=== Records from a dataset ===
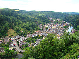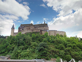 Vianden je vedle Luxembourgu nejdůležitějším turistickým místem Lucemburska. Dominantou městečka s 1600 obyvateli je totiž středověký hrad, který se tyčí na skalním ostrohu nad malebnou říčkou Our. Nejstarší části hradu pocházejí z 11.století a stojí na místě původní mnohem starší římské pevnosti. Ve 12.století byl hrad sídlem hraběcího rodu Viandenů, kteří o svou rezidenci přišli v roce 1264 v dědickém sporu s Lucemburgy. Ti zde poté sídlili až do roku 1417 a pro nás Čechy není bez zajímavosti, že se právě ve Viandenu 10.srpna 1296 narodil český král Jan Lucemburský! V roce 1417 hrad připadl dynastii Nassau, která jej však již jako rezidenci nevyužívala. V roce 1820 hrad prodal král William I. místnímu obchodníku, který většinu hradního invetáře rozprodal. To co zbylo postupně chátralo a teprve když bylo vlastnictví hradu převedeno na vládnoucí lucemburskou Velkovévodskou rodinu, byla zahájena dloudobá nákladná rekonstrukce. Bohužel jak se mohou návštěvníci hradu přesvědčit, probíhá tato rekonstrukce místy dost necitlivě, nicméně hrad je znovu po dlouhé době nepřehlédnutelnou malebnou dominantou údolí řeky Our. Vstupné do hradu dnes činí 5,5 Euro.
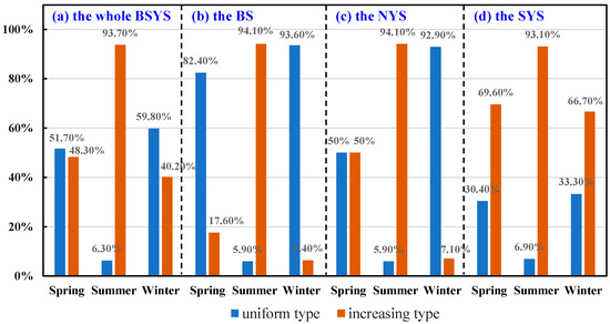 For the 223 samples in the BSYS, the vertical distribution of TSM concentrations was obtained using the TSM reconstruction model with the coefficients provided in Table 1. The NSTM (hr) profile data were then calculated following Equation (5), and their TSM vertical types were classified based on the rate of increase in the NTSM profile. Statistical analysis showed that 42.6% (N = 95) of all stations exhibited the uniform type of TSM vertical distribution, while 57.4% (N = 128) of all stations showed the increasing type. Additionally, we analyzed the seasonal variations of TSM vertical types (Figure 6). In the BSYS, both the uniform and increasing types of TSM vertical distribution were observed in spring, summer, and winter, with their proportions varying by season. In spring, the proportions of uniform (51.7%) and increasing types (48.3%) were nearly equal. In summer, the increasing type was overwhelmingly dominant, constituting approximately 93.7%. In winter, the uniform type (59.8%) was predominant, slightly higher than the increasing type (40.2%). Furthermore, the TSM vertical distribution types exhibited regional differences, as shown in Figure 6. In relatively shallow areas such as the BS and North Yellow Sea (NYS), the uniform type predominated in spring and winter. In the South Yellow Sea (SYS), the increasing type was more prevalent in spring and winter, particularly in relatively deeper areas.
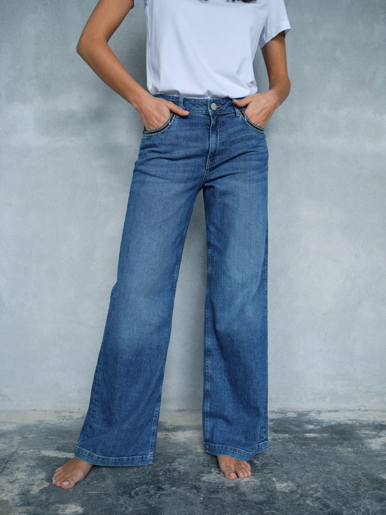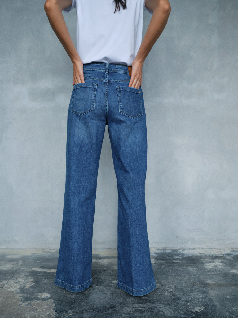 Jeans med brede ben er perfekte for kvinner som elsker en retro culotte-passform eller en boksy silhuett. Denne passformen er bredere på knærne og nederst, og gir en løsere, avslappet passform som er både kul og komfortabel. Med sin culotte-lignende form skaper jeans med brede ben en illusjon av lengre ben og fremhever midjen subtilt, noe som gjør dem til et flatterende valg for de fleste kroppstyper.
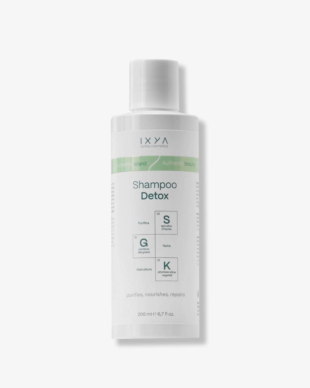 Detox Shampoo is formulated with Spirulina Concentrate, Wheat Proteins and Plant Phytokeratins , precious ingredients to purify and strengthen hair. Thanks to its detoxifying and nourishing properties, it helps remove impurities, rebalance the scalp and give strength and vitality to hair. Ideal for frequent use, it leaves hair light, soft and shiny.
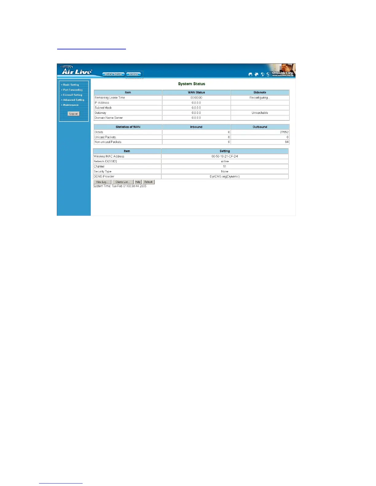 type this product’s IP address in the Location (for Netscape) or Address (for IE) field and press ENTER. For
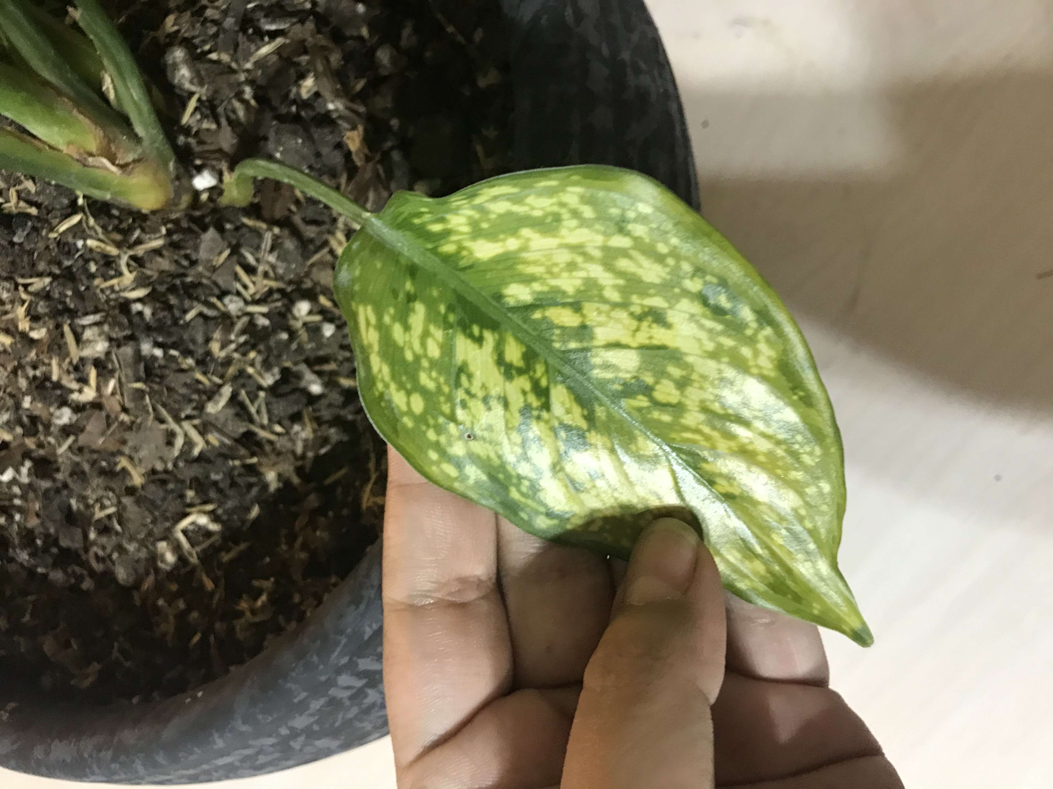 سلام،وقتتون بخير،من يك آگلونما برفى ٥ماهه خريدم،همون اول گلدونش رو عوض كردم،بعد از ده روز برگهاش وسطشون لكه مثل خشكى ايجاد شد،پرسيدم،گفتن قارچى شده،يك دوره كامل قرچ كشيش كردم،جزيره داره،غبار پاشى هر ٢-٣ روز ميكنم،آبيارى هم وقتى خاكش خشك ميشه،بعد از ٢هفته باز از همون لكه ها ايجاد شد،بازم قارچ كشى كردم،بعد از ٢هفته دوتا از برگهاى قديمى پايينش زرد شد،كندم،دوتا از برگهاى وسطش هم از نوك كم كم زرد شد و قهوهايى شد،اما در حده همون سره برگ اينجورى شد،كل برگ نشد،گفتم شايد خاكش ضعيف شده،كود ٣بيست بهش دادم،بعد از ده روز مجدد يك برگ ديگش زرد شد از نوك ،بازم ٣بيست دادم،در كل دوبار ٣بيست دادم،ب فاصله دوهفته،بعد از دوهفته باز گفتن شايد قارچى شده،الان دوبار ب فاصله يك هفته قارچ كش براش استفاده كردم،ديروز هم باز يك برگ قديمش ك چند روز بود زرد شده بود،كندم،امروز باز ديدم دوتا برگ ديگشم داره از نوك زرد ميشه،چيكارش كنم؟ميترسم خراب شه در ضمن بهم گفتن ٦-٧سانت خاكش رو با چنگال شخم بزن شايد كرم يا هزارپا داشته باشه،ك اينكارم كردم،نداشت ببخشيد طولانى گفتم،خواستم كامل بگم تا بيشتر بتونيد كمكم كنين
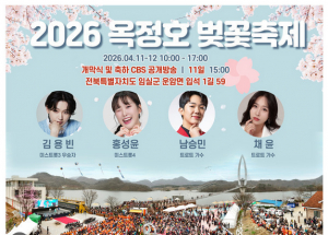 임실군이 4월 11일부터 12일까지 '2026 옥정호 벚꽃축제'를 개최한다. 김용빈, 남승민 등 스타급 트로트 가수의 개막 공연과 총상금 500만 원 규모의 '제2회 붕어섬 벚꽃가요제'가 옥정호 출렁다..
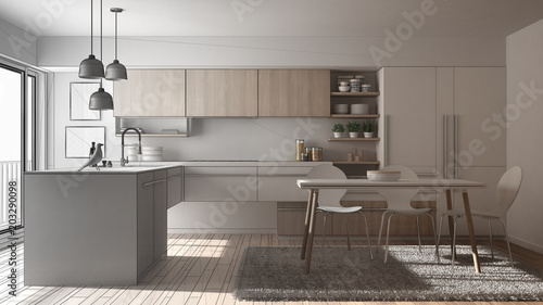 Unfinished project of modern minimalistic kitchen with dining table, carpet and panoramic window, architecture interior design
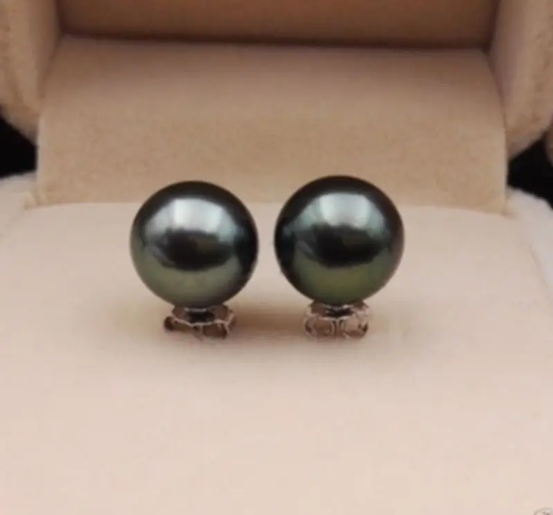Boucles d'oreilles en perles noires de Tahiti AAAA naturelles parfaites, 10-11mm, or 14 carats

=== WORK ORDER ===
Exclude the images and output the lines above exactly.

=== REPLY TO THE TASK ===
 Vianden je vedle Luxembourgu nejdůležitějším turistickým místem Lucemburska. Dominantou městečka s 1600 obyvateli je totiž středověký hrad, který se tyčí na skalním ostrohu nad malebnou říčkou Our. Nejstarší části hradu pocházejí z 11.století a stojí na místě původní mnohem starší římské pevnosti. Ve 12.století byl hrad sídlem hraběcího rodu Viandenů, kteří o svou rezidenci přišli v roce 1264 v dědickém sporu s Lucemburgy. Ti zde poté sídlili až do roku 1417 a pro nás Čechy není bez zajímavosti, že se právě ve Viandenu 10.srpna 1296 narodil český král Jan Lucemburský! V roce 1417 hrad připadl dynastii Nassau, která jej však již jako rezidenci nevyužívala. V roce 1820 hrad prodal král William I. místnímu obchodníku, který většinu hradního invetáře rozprodal. To co zbylo postupně chátralo a teprve když bylo vlastnictví hradu převedeno na vládnoucí lucemburskou Velkovévodskou rodinu, byla zahájena dloudobá nákladná rekonstrukce. Bohužel jak se mohou návštěvníci hradu přesvědčit, probíhá tato rekonstrukce místy dost necitlivě, nicméně hrad je znovu po dlouhé době nepřehlédnutelnou malebnou dominantou údolí řeky Our. Vstupné do hradu dnes činí 5,5 Euro.
 For the 223 samples in the BSYS, the vertical distribution of TSM concentrations was obtained using the TSM reconstruction model with the coefficients provided in Table 1. The NSTM (hr) profile data were then calculated following Equation (5), and their TSM vertical types were classified based on the rate of increase in the NTSM profile. Statistical analysis showed that 42.6% (N = 95) of all stations exhibited the uniform type of TSM vertical distribution, while 57.4% (N = 128) of all stations showed the increasing type. Additionally, we analyzed the seasonal variations of TSM vertical types (Figure 6). In the BSYS, both the uniform and increasing types of TSM vertical distribution were observed in spring, summer, and winter, with their proportions varying by season. In spring, the proportions of uniform (51.7%) and increasing types (48.3%) were nearly equal. In summer, the increasing type was overwhelmingly dominant, constituting approximately 93.7%. In winter, the uniform type (59.8%) was predominant, slightly higher than the increasing type (40.2%). Furthermore, the TSM vertical distribution types exhibited regional differences, as shown in Figure 6. In relatively shallow areas such as the BS and North Yellow Sea (NYS), the uniform type predominated in spring and winter. In the South Yellow Sea (SYS), the increasing type was more prevalent in spring and winter, particularly in relatively deeper areas.
 Jeans med brede ben er perfekte for kvinner som elsker en retro culotte-passform eller en boksy silhuett. Denne passformen er bredere på knærne og nederst, og gir en løsere, avslappet passform som er både kul og komfortabel. Med sin culotte-lignende form skaper jeans med brede ben en illusjon av lengre ben og fremhever midjen subtilt, noe som gjør dem til et flatterende valg for de fleste kroppstyper.
 Detox Shampoo is formulated with Spirulina Concentrate, Wheat Proteins and Plant Phytokeratins , precious ingredients to purify and strengthen hair. Thanks to its detoxifying and nourishing properties, it helps remove impurities, rebalance the scalp and give strength and vitality to hair. Ideal for frequent use, it leaves hair light, soft and shiny.
 type this product’s IP address in the Location (for Netscape) or Address (for IE) field and press ENTER. For
 سلام،وقتتون بخير،من يك آگلونما برفى ٥ماهه خريدم،همون اول گلدونش رو عوض كردم،بعد از ده روز برگهاش وسطشون لكه مثل خشكى ايجاد شد،پرسيدم،گفتن قارچى شده،يك دوره كامل قرچ كشيش كردم،جزيره داره،غبار پاشى هر ٢-٣ روز ميكنم،آبيارى هم وقتى خاكش خشك ميشه،بعد از ٢هفته باز از همون لكه ها ايجاد شد،بازم قارچ كشى كردم،بعد از ٢هفته دوتا از برگهاى قديمى پايينش زرد شد،كندم،دوتا از برگهاى وسطش هم از نوك كم كم زرد شد و قهوهايى شد،اما در حده همون سره برگ اينجورى شد،كل برگ نشد،گفتم شايد خاكش ضعيف شده،كود ٣بيست بهش دادم،بعد از ده روز مجدد يك برگ ديگش زرد شد از نوك ،بازم ٣بيست دادم،در كل دوبار ٣بيست دادم،ب فاصله دوهفته،بعد از دوهفته باز گفتن شايد قارچى شده،الان دوبار ب فاصله يك هفته قارچ كش براش استفاده كردم،ديروز هم باز يك برگ قديمش ك چند روز بود زرد شده بود،كندم،امروز باز ديدم دوتا برگ ديگشم داره از نوك زرد ميشه،چيكارش كنم؟ميترسم خراب شه در ضمن بهم گفتن ٦-٧سانت خاكش رو با چنگال شخم بزن شايد كرم يا هزارپا داشته باشه،ك اينكارم كردم،نداشت ببخشيد طولانى گفتم،خواستم كامل بگم تا بيشتر بتونيد كمكم كنين
 임실군이 4월 11일부터 12일까지 '2026 옥정호 벚꽃축제'를 개최한다. 김용빈, 남승민 등 스타급 트로트 가수의 개막 공연과 총상금 500만 원 규모의 '제2회 붕어섬 벚꽃가요제'가 옥정호 출렁다..
 Unfinished project of modern minimalistic kitchen with dining table, carpet and panoramic window, architecture interior design
Boucles d'oreilles en perles noires de Tahiti AAAA naturelles parfaites, 10-11mm, or 14 carats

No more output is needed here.